I am having some trouble completing the proof of the following statement:
Let $X$ be a locally arcwise connected, connected topological space and suppose there exists an open covering stable by finite intersections by connected and simply connected subsets. If any locally constant sheaf on $X$ is constant, then $X$ is simply connected.
What I think I have understood from the proof of the notes I am following ($\textit{Algebra and Topology}$ by Pierre Schapira) is the next.
Firstly, we assume X is non empty and choose $x\in X$. Since $X$ is connected and locally arwise connected, it is arcwise connected and then the groupoid $\Pi_1(X)$ is equivalent to the category $\Pi_1(X,x)$ associated with the group $ \pi_1(X,x)$. That is, the category with one object $\{x\}$ and morphisms $\pi_1(X,x)$. Thus, the category $Fct(\Pi_1(X), \text{Mod}(k))$ is equivalent to $Fct(\Pi_1(X,x),\text{Mod}(k))$, and then to the category of representations $\text{Rep}(\pi_1(X,x), \text{Mod}(k))$, where $k$ denotes a commutative unitary ring. We also have that $\text{Mod}(k)$ is equivalent to $\text{Rep}(\{1\}, \text{Mod}(k))$ of trivial representations.

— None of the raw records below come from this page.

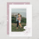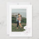 Det här Spara datumkortet har handritade rosa-anemonblommor i hörnet av förlovningen bild och skapar det centrum där uppmärksamheten riktas. Denna utformning är modern och mycket elegant. Baksidan har en vit anemon mönster över rosans bakgrund. Gör det första intrycket för dina gäster oförglömligt med den här blommigten och spara datumet.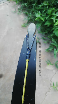 Pasang bagian pocket ke limb nock bawah, yang udah ada stringnya tadi, harus nyangkut sempurna di tengah dan gak miring2.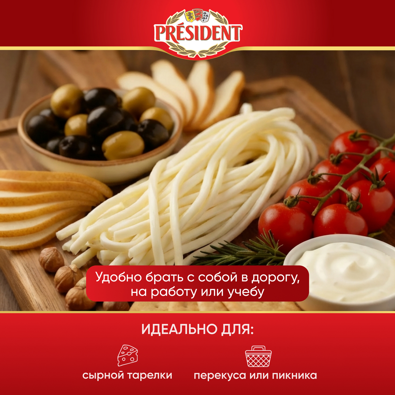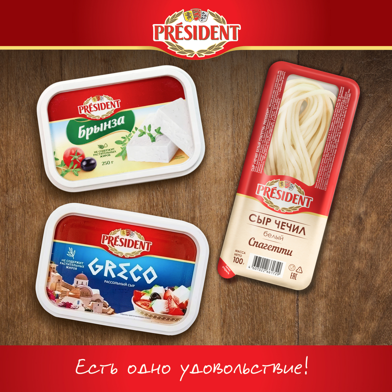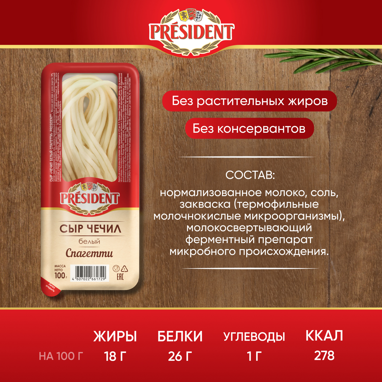 Сыр Чечил President - это натуральный сыр, с эластичной волокнистой текстурой, который обладает неповторимым соленым вкусом и может служить превосходным перекусом. Чечил хорошо подходит в качестве независимой закуски, например, в дороге. Вкус этого сыра самодостаточен, его можно не совмещать с другими продуктами, тем не менее он отлично сочетается со свежими овощами и хлебом. Полутвёрдый сорт, который обладает плотной текстурой с абсолютным отсутствием глазков, а также немного резким и кисловатым ореховым вкусом. У него приятный золотисто-красный оттенок. Нередко Чеддер применяют при приготовлении различных омлетов, салатов, сырных бисквитов, канапе, гамбургеров и других блюд. Из этого сыра получается аппетитный соус, который выступит удачным дополнением к рыбе, мясу, картофелю и тостам.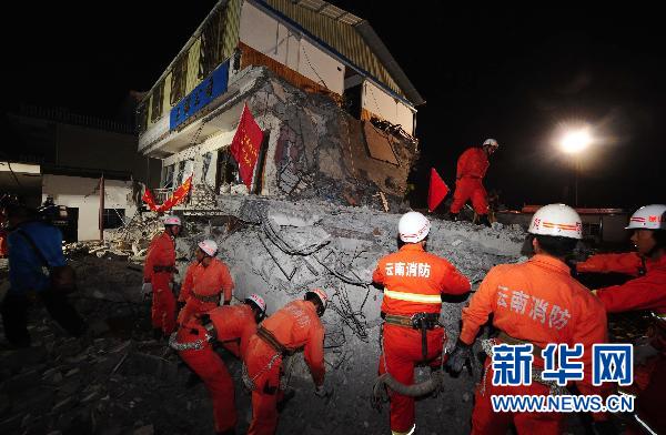 3月11日凌晨,消防官兵在云南盈江地震災(zāi)區(qū)搜救幸存者。 3月10日,云南省盈江縣發(fā)生5.8級(jí)地震。截至11日零時(shí),地震已致25人死亡,包括4名學(xué)生,250余人受傷。云南省救災(zāi)工作組及各救援隊(duì)已抵達(dá)災(zāi)區(qū),各項(xiàng)救災(zāi)工作正有序展開。新華社記者 秦晴攝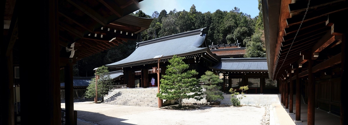本殿は背の高い門塀に覆われており、内部の社殿は隙間から僅かに覗ける程度でした。
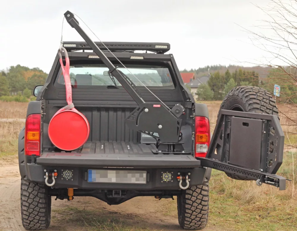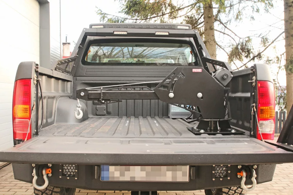 Maximum lifting capacity of 150 kg due to the strength of the pickup truck's floor. The structure is made of steel from 4 to 6 mm, powder coated in black.
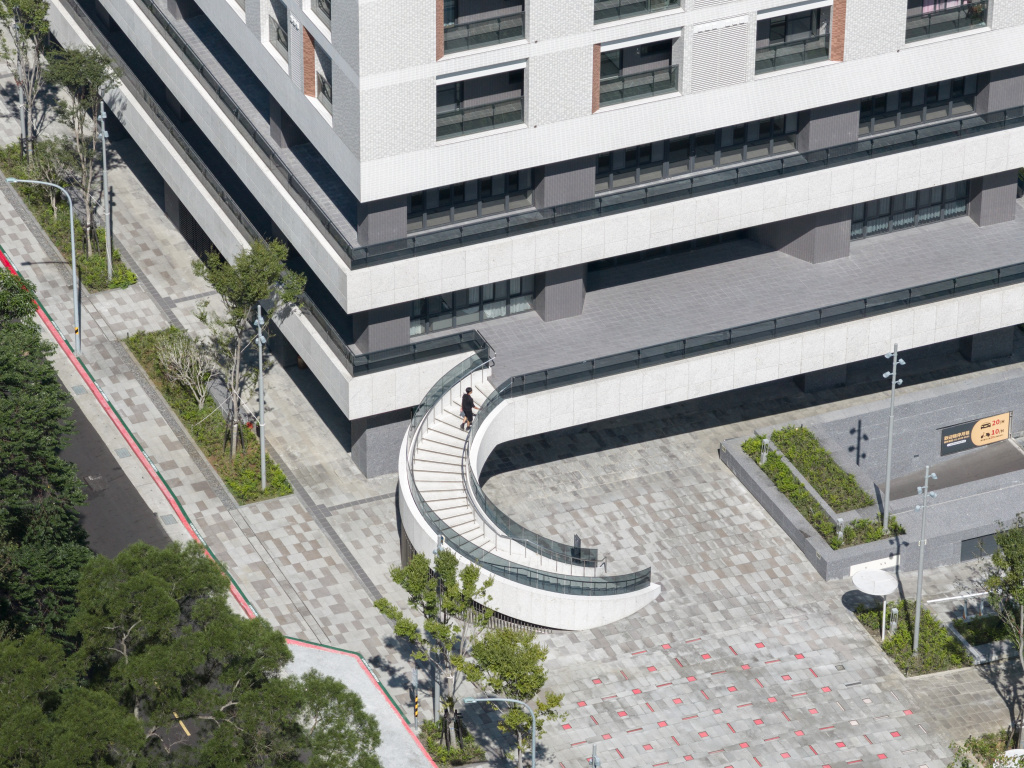空間配置上全案分別藉由社區活動設施樓層及大面積圍繞居住空間的陽台作為與外在都市環境之緩衝;外觀造型除前述內容之外,尺寸為統一模矩,提高施工效率並降低成本;地面層讓社區與參建單位皆有獨立出入口並於東西兩側街角設計特色廣場搭配商業出租單元,創造理想的都市空間。

We are assuming that any locally constant sheaf on $X$ is constant. Therefore, we have the equality LCSH$(k_X)=$ CSH$(k_X)$. It is known that, if $X$ is non empty and connected, the category of constant sheaves CSH$(k_X)$ is equivalent to $\text{Mod}(k)$. From a previous theorem, thanks to the hypothesis made on $X$, LCSH$(k_X)$ is equivalent to $Fct(\Pi_1(X), \text{Mod}(k))$. Thus, we get an equivalence between the categories $Fct(\Pi_1(X), \text{Mod}(k))$ and $\text{Mod}(k)$.
Following all the equivalences, we find $\text{Rep}(\pi_1(X,x), \text{Mod}(k))$ is equivalent to $\text{Rep}(\{1\}, \text{Mod}(k))$.
From this I need to deduce that $\pi_1(X,x)$ is the trivial group with one element. I have tried to use the equivalence between them but I don't get anything. In addition, I don't know if all the previous arguments are right.